Anyway, in our example we have just 100 people with a surname beginning with Z.

Let’s set this up with the following piece of code:

if object_id('testStat') is not null drop table testStat
go

-- create basic table with primary clustered key
create table testStat
(
  
id int identity (1, 1),
  
firstName varchar(16),
  
lastName varchar(24),
  
constraint pk_testStat primary key clustered(id)
)
go

declare @counter int = 1

begin transaction
while
@counter <= 1000000
begin
   insert into
testStat
  
select convert(varchar(16), replace(newid(), '-', '')),
          
convert(varchar(24), replace(newid(), '-', ''))

  
-- insert 1 million random character records

  
select @counter += 1
end
commit transaction
go

-- remove any record beginning with Z
update testStat
set lastName = 'S' + right(lastName, 23)
where lastName like 'Z%'
go

-- ensure there are 100 records beginning with Z
update top (100) testStat
set lastName = 'Z' + right(lastName, 23)
go

-- create an index on lastName, therefore creating associated stats
create index testStatLastName on testStat(lastName)
go


Okay… so now we have our example table, let’s run a basic query to obtain the first and last names of the 100 people with surnames beginning with Z:

select firstName, lastName
from testStat
where lastName like 'Z%'




As I would have expected, the stats told the optimizer that we would be getting roughly 100 rows (the estimate was actually 104)… therefore it wisely chose a Nested bookmark lookup. This is ideal and fast.

Perfect.

However, let’s now presume that we have a new craze and everyone changes their surname for a giggle... In this case we have 180,000 new people with Z surnames:

update top (180000) testStat
set lastName = 'Z' + right(lastName, 23)
where lastName not like 'Z%'
go


Now, looking at the estimated execution plan for our same firstname / lastname query provides the following:



Yes, it’s exactly the same!!! The optimizer still believes it’s receiving just 104 records.
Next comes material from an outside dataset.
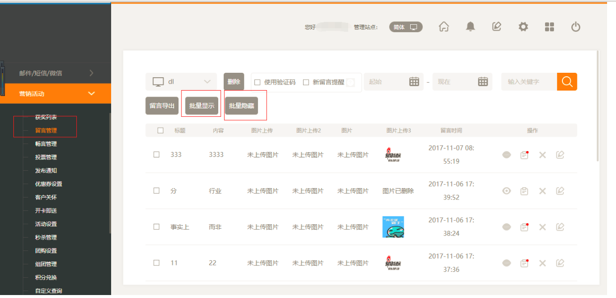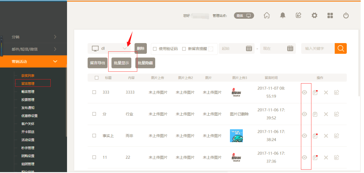 ①.后台“营销活动”中点击“留言管理”,选择需要显示的留言,点击“批量显示”即可,如图:

The problem here is that in the real world this would likely now need to be a simple table scan to avoid massive overhead on a nested loop but less than 20% of records were changed and therefore the statistics never updated accordingly and suddenly we have cardinality issues.

So… what does this trace flag do? Well, it adjusts the percentage of records that need to change before stats are updated according to the number of records in the table.

This whole trace flag is described in detail on this MSDN page (Changes to automatic update statistics) from which I’ve taken the following graph:



Therefore you can see that for the exact example I gave, with 1 million records, the threshold is lowered to about 2.5% of records. My changing 180,000 records would therefore have triggered a rebuild. In fact we can look at this ourselves by re-running the exact same code as above, but including “dbcc traceon (2371, -1)” at the start.

Doing so gives us the same initial nested loop, but after making my 180,000 updates I now see the following:



Which is a much more sensible way to approach the issue.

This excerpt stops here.